The two big things that have happened over the past 2 days is the rise in the S&P 500, but more importantly, the disproportionately big drop in bonds relative to the SPX strength.  In a short term risk on move, you usually get about a 0.04% rise in 10 year yields for a 1% rise in the SPX.  We have gone up 0.12% on the 10 year since Friday, while SPX has gone up 1.2%.  In normal circumstances, the 10 year should have gone up only about 0.05%.

Obviously it does speak to the overshoot short squeeze higher that happened in the bond market last week while the stock market was only slightly down.  But it also re-emphasizes what I believe to be the new en vogue hedging strategy for the hedge fund manager.  They are now going long bonds as a hedge for their long stock positions.  In the past, they would have just used VIX or shorted SPX for a more direct hedge.  It probably means that you will not likely see much more upside in bonds this year until you start seeing stock weakness.  At these levels, I find it hard to believe that both stocks and bonds will just keep going higher without a break in that positive correlation.
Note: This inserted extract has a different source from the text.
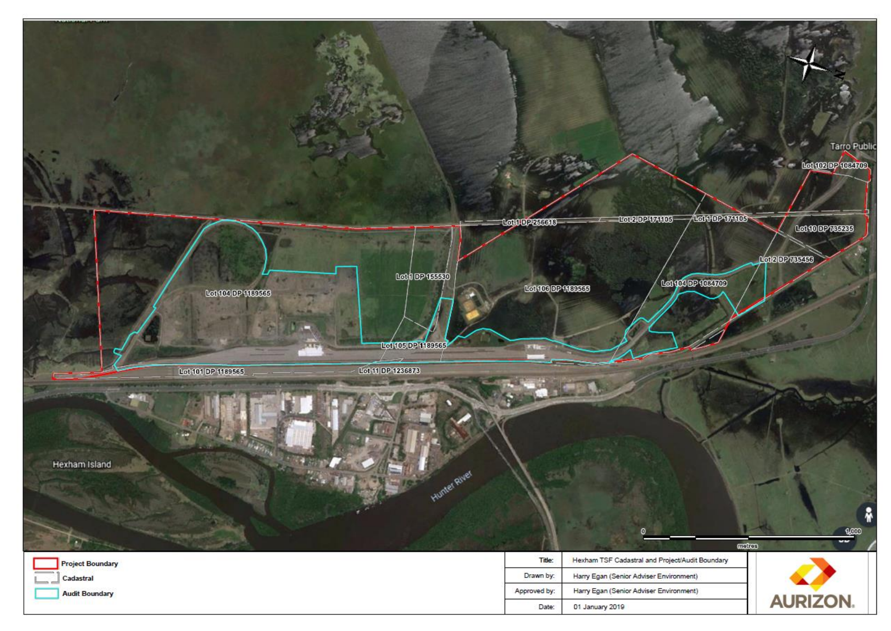
Figure 1 - Hexham TSF Cadastral and Project/Audit Boundary

I do expect the SPX to stall out here as we are right at that psychological 2500 level, which should provide short term resistance.  Also the weakness in bonds should be a bit of a headwind for stocks to go even higher.  Due to the near term SPX resistance, I don't think bonds will sell off much more, but I don't see much of a bounce either.  So while near term downside in bonds is limited, the near term upside is also limited.  It looks like last week took out most of the weak hands in both bonds and gold.

SPX should flat line around these levels right under 2500, and then expecting a dip next week. That should help bonds have a bounce, which probably won't last long, just as I don't expect any dips in stocks to last long.  Low conviction here, so I won't be putting on big positions.  October should provide better levels to make longer term trades.